HBase enforces a single write/read entry point, so you can achieve
strong consistency by writing/reading only one node.  but just writing
to one node exposes you to loss of data if that node fails. so the
region server HLog is replicated to 3 HDFS data nodes.  the
interesting thing here is that each replica sees a complete *prefix*
of the HLog: it won't miss a record, if a record sync() to a data node
fails, all the existing bytes in the block are replicated to a new
data node.

if we employ a similar "leader" node among the N replicas of
cassandra (coordinator always waits for the reply from leader, but
leader does not do further replication like in HBase or counters), the
leader sees all writes onto the key range, but the other replicas
could miss some writes, as a result, each of the non-leader replicas'
write history has some "holes", so when the leader dies, and when we
elect a new one, no one is going to have a complete history. so you'd
have to do a repair amongst all the replicas to reconstruct the full
history, which is slow.

it seems possible that we could utilize the FIFO property of the
InComingTCPConnection to simplify history reconstruction, just like
Zookeeper. if the IncomingTcpConnection of a replica fails, that means
that it may have missed some edits, then when it reconnects, we force
it to talk to the active leader first, to catch up to date. when the
leader dies, the next leader is elected to be the replica with the
most recent history.  by maintaining the property that each node has a
complete prefix of history, we only need to catch up on the tail of
history, and avoid doing a complete repair on the entire
memtable+SStable.  but one issue is that the history at the leader has
to be kept really long ----- if a non-leader replica goes off for 2
days, the leader has to keep all the history for 2 days to feed them
to the replica when it comes back online. but possibly this could be
limited to some max length so that over that length, the woken replica
simply does a complete bootstrap.

On Sun, Jul 3, 2011 at 8:25 PM, AJ <> wrote:
> We seem to be having a fundamental misunderstanding.  Thanks for your
> comments. aj
> On 7/3/2011 8:28 PM, William Oberman wrote:
> I'm using cassandra as a tool, like a black box with a certain contract to
> the world.  Without modifying the "core", C* will send the updates to all
> replicas, so your plan would cause the extra write (for the placeholder).  I
> wasn't assuming a modification to how C* fundamentally works.
> Sounds like you are hacking (or at least looking) at the source, so all the
> power to you if/when you try these kind of changes.
> will
> On Sun, Jul 3, 2011 at 8:45 PM, AJ <> wrote:
>> On 7/3/2011 6:32 PM, William Oberman wrote:
>> Was just going off of: " Send the value to the primary replica and send
>> placeholder values to the other replicas".  Sounded like you wanted to write
>> the value to one, and write the placeholder to N-1 to me.
>> Yes, that is what I was suggesting.  The point of the placeholders is to
>> handle the crash case that I talked about... "like" a WAL does.
>> But, C* will propagate the value to N-1 eventually anyways, 'cause that's
>> just what it does anyways :-)
>> will
>> On Sun, Jul 3, 2011 at 7:47 PM, AJ <> wrote:
>>> On 7/3/2011 3:49 PM, Will Oberman wrote:
>>> Why not send the value itself instead of a placeholder?  Now it takes 2x
>>> writes on a random node to do a single update (write placeholder, write
>>> update) and N*x writes from the client (write value, write placeholder to
>>> N-1).

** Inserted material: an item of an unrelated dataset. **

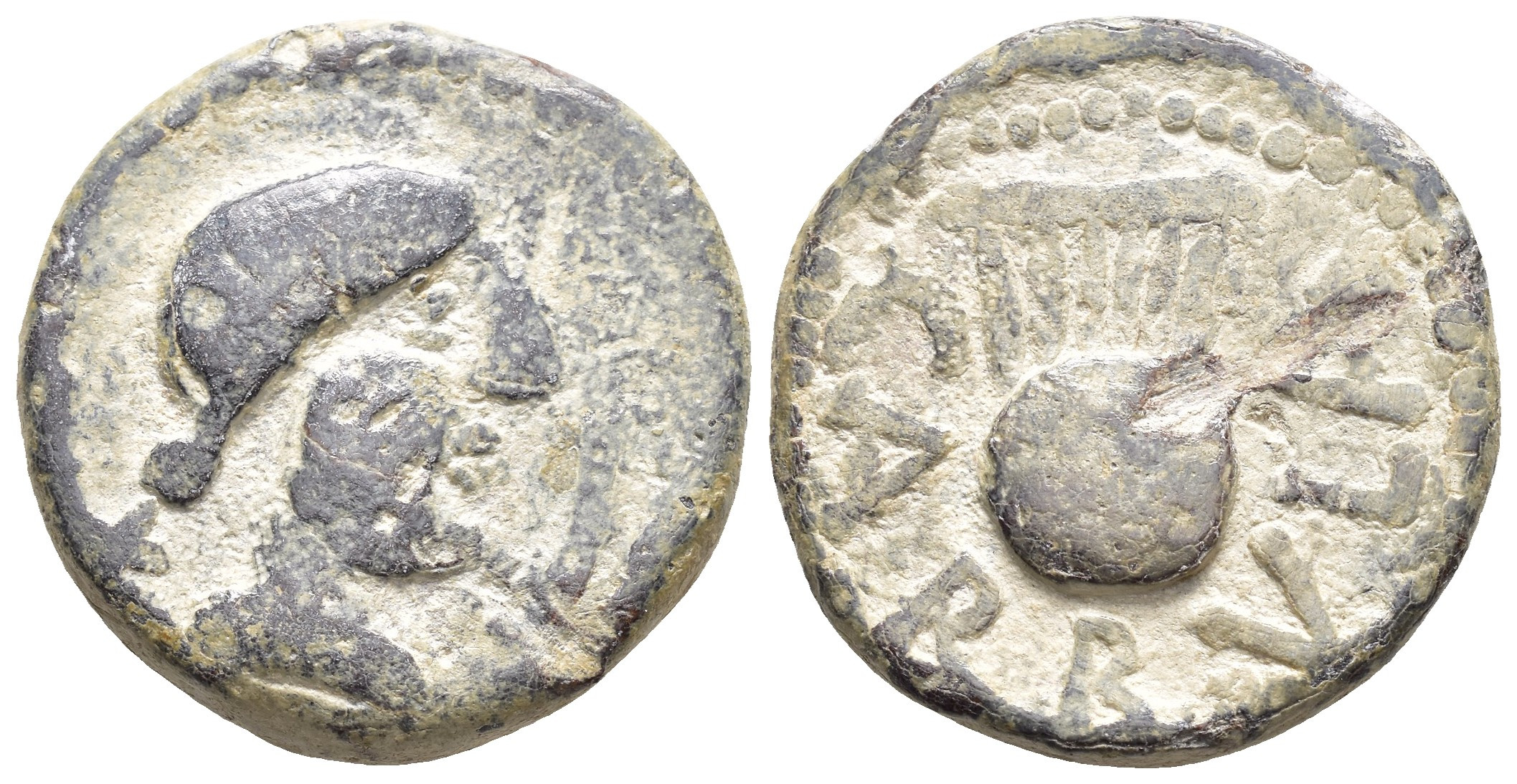 HISPANIA ANTIGUA. CARBULA. Plomo monetiforme. A/ Cabeza femenina con moño a der., detrás X. R/ Lira; CARBVLA. Pb 28,49 g. 28,4 mm. Golpe en rev. CCP-p.3.1. BC+/MBC-.

Where N is replication factor.  Seems like extra network and IO
>>> instead of less...
>>> To send the value to each node is 1.) unnecessary, 2.) will only cause a
>>> large burst of network traffic.  Think about if it's a large data value,
>>> such as a document.  Just let C* do it's thing.  The extra messages are tiny
>>> and doesn't significantly increase latency since they are all sent
>>> asynchronously.
>>> Of course, I still think this sounds like reimplementing Cassandra
>>> internals in a Cassandra client (just guessing, I'm not a cassandra dev)
>>> I don't see how.  Maybe you should take a peek at the source.
>>> On Jul 3, 2011, at 5:20 PM, AJ <> wrote:
>>> Yang,
>>> How would you deal with the problem when the 1st node responds success
>>> but then crashes before completely forwarding any replicas?  Then, after
>>> switching to the next primary, a read would return stale data.
>>> Here's a quick-n-dirty way:  Send the value to the primary replica and
>>> send placeholder values to the other replicas.  The placeholder value is
>>> something like, "PENDING_UPDATE".  The placeholder values are sent with
>>> timestamps 1 less than the timestamp for the actual value that went to the
>>> primary.  Later, when the changes propagate, the actual values will
>>> overwrite the placeholders.  In event of a crash before the placeholder gets
>>> overwritten, the next read value will tell the client so.  The client will
>>> report to the user that the key/column is unavailable.  The downside is
>>> you've overwritten your data and maybe would like to know what the old data
>>> was!  But, maybe there's another way using other columns or with MVCC.  The
>>> client would want a success from the primary and the secondary replicas to
>>> be certain of future read consistency in case the primary goes down
>>> immediately as I said above.  The ability to set an "update_pending" flag on
>>> any column value would probably make this work.  But, I'll think more on
>>> this later.
>>> aj
>>> On 7/2/2011 10:55 AM, Yang wrote:
>>> there is a JIRA completed in 0.7.x that "Prefers" a certain node in
>>> snitch, so this does roughly what you want MOST of the time
>>> but the problem is that it does not GUARANTEE that the same node will
>>> always be read.  I recently read into the HBase vs Cassandra comparison
>>> thread that started after Facebook dropped Cassandra for their messaging
>>> system, and understood some of the differences. what you want is essentially
>>> what HBase does. the fundamental difference there is really due to the
>>> gossip protocol: it's a probablistic, or eventually consistent failure
>>> detector  while HBase/Google Bigtable use Zookeeper/Chubby to provide a
>>> strong failure detector (a distributed lock).  so in HBase, if a tablet
>>> server goes down, it really goes down, it can not re-grab the tablet from
>>> the new tablet server without going through a start up protocol (notifying
>>> the master, which would notify the clients etc),  in other words it is
>>> guaranteed that one tablet is served by only one tablet server at any given
>>> time.  in comparison the above JIRA only TRYIES to serve that key from one
>>> particular replica. HBase can have that guarantee because the group
>>> membership is maintained by the strong failure detector.
>>> just for hacking curiosity, a strong failure detector + Cassandra
>>> replicas is not impossible (actually seems not difficult), although the
>>> performance is not clear. what would such a strong failure detector bring to
>>> Cassandra besides this ONE-ONE strong consistency ? that is an interesting
>>> question I think.
>>> considering that HBase has been deployed on big clusters, it is probably
>>> OK with the performance of the strong  Zookeeper failure detector. then a
>>> further question was: why did Dynamo originally choose to use the
>>> probablistic failure detector? yes Dynamo's main theme is "eventually
>>> consistent", so the Phi-detector is **enough**, but if a strong detector
>>> buys us more with little cost, wouldn't that  be great?
>>> On Fri, Jul 1, 2011 at 6:53 PM, AJ <> wrote:
>>>> Is this possible?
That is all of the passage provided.